Mild COVID-19 in an APECED Patient with Chronic Inflammatory Demyelinating Polyneuropathy (CIDP) and High Titer of Type 1 IFN-Abs: A Case Report.

作者信息

Valenzise Mariella, Foti Randazzese Simone, Toscano Fabio, Lombardo Fortunato, Salzano Giuseppina, Pajno Cristina, Wasniewska Malgorzata, Cascio Antonio, Su Maureen A

机构信息

Department of Human Pathology of Adulthood and Childhood, University of Messina, 98121 Messina, Italy.

Department Maternal and Child Health, Urological Sciences-Sapienza University, 00161 Rome, Italy.

出版信息

Pathogens. 2023 Mar 2;12(3):403. doi: 10.3390/pathogens12030403.

Abstract

Autoimmune-Poly-Endocrinopathy-Candidiasis-Ectodermal Dystrophy (APECED), caused by mutations in the Autoimmune Regulator (AIRE) gene, is an autosomal recessive multi-organ autoimmunity syndrome usually defined by high serum titers of type I Interferon Autoantibodies (Type 1 IFN-Abs).
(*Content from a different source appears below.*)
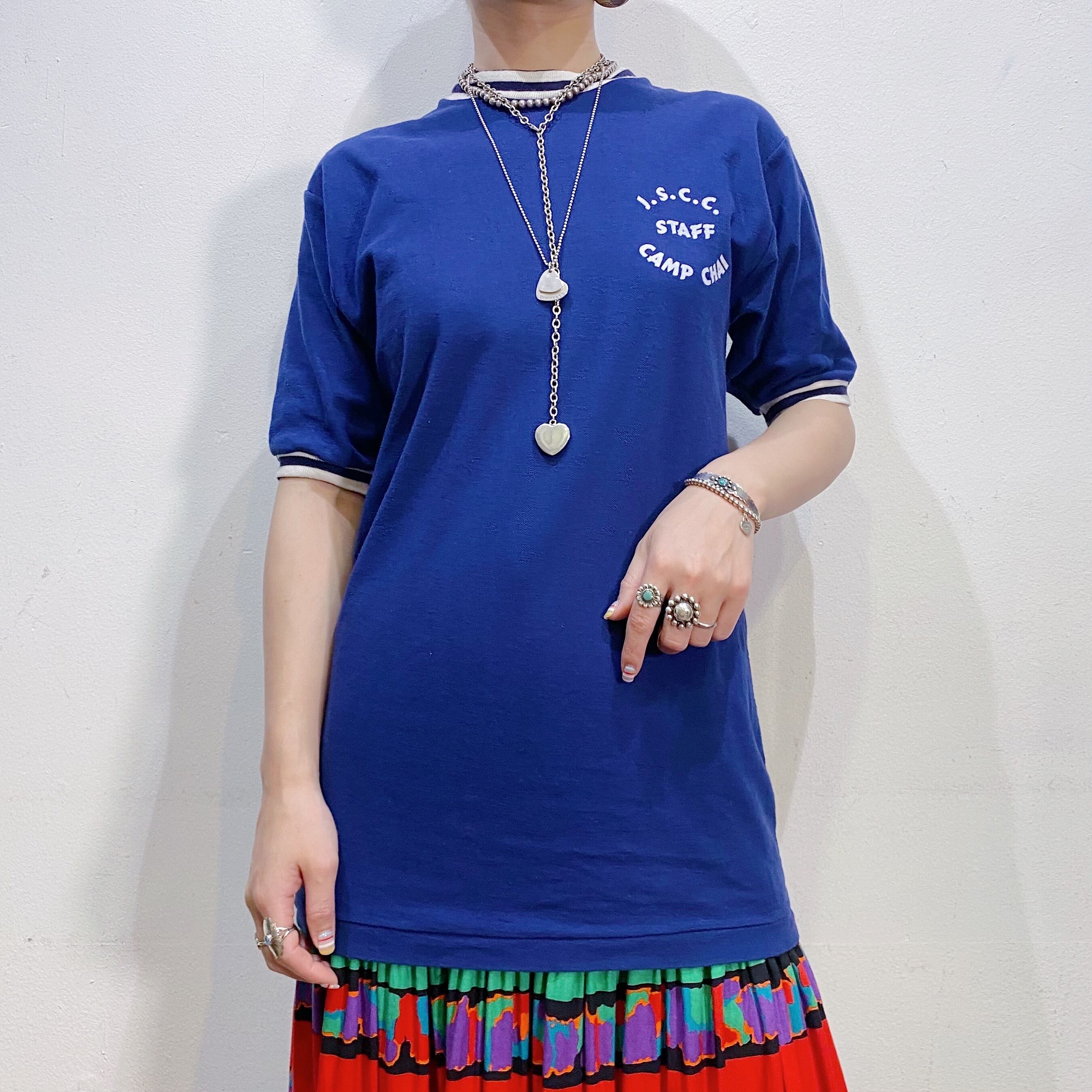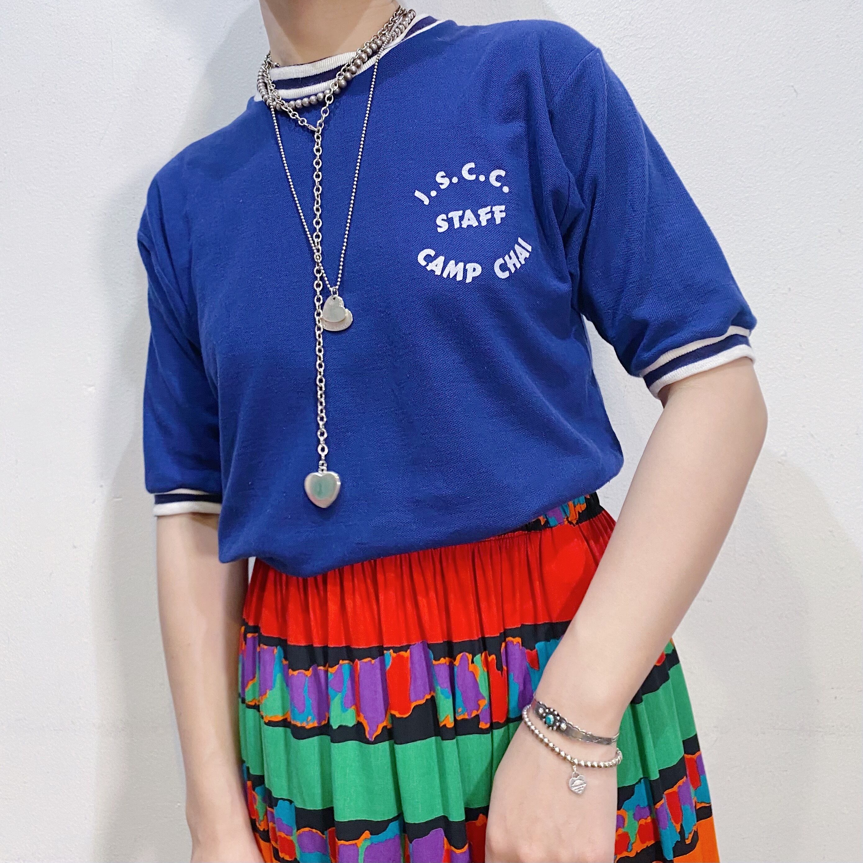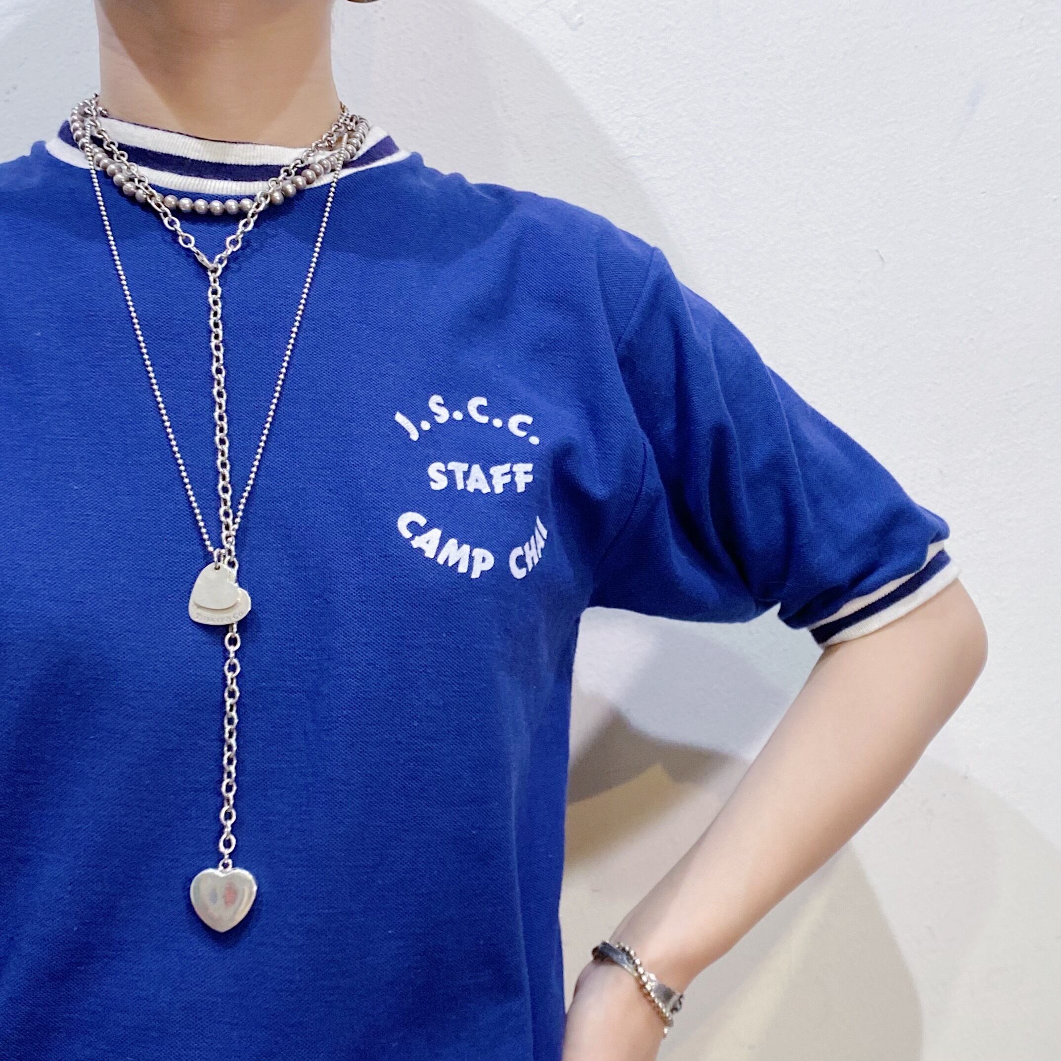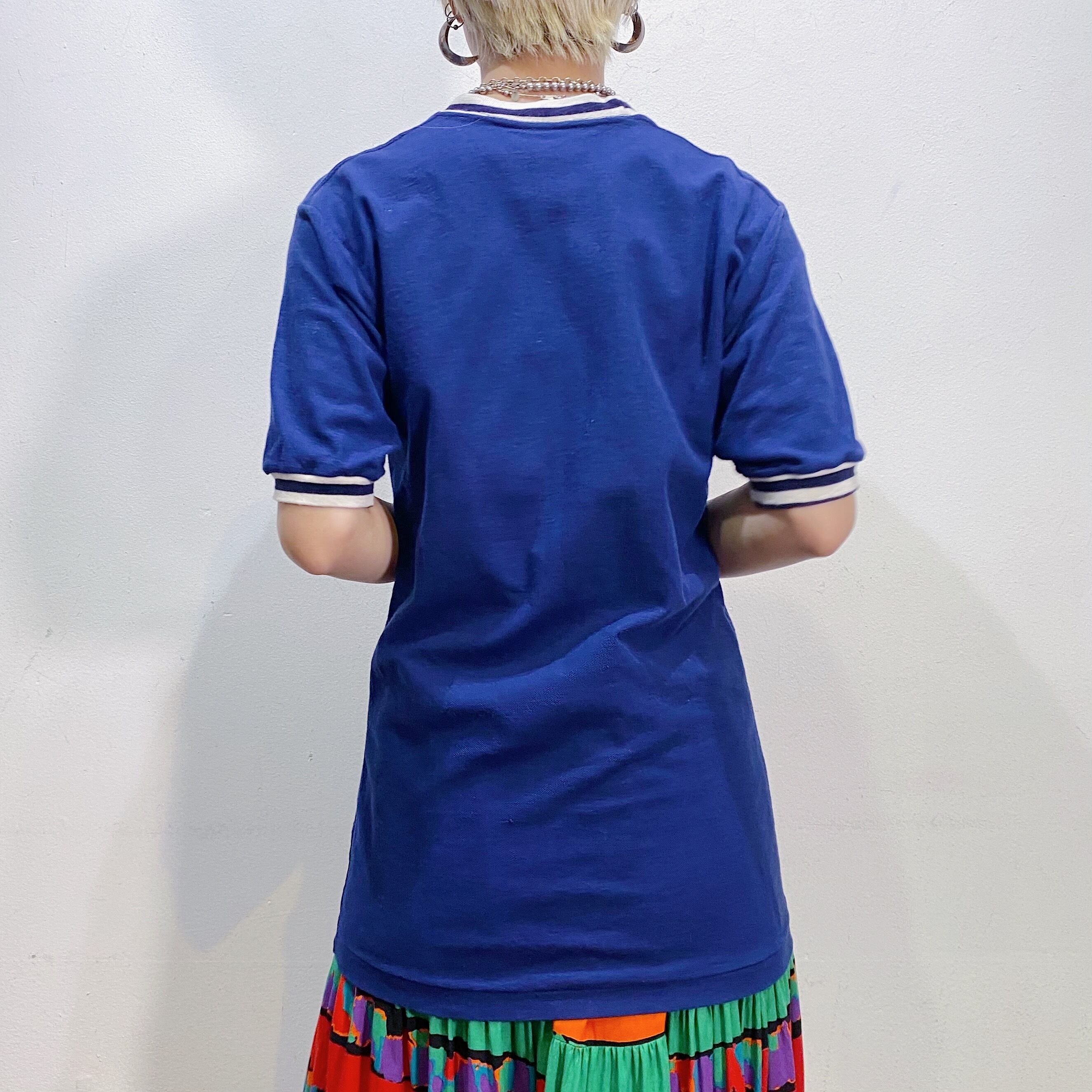 ネイビー×ホワイトの色合わせで着こなしやすい、70~80年代のTシャツです。

These antibodies have recently been found in individuals in the general population who develop life-threatening Coronavirus Disease 2019 (COVID-19), but the significance of pre-existing Type 1 IFN-Abs in APECED patients with COVID-19 remains unclear. Previous reports of COVID-19 outcomes in APECED patients have been divergent, and protective roles have been proposed for female sex, age <26 years, and immunomodulatory medications including intravenous immunoglobulin (IVIg). We report the case of a 30-year-old male APECED patient who experienced a Severe Acute Respiratory Syndrome Coronavirus 2 (SARS-CoV-2) infection with mild symptoms of fatigue and headache without respiratory distress and did not require hospitalization. He received a stress dose of hydrocortisone for adrenal insufficiency and continued on his baseline medications, including subcutaneous administration of Immunoglobulins (SCIgs) for chronic inflammatory demyelinating polyneuropathy (CIDP). Mild COVID-19 in a 30-year-old male patient with APECED and pre-existing Type 1 IFN-Abs was unexpected. Younger age and management of autoimmunity may have played a role.

摘要

自身免疫性多内分泌病-念珠菌病-外胚层营养不良(APECED)由自身免疫调节因子(AIRE)基因突变引起,是一种常染色体隐性多器官自身免疫综合征,通常由高血清滴度的I型干扰素自身抗体(1型IFN-Abs)定义。最近在普通人群中感染危及生命的2019冠状病毒病(COVID-19)的个体中发现了这些抗体,但在患有COVID-19的APECED患者中预先存在的1型IFN-Abs的意义仍不清楚。先前关于APECED患者COVID-19结局的报道存在分歧,并且提出女性、年龄<26岁以及包括静脉注射免疫球蛋白(IVIg)在内的免疫调节药物具有保护作用。我们报告了一例30岁男性APECED患者的病例,该患者感染了严重急性呼吸综合征冠状病毒2(SARS-CoV-2),出现疲劳和头痛等轻微症状,无呼吸窘迫,无需住院治疗。他因肾上腺功能不全接受了应激剂量的氢化可的松治疗,并继续服用其基线药物,包括皮下注射免疫球蛋白(SCIgs)治疗慢性炎症性脱髓鞘性多发性神经病(CIDP)。一名患有APECED且预先存在1型IFN-Abs的30岁男性患者出现轻度COVID-19情况出乎意料。年龄较小和自身免疫的管理可能起到了一定作用。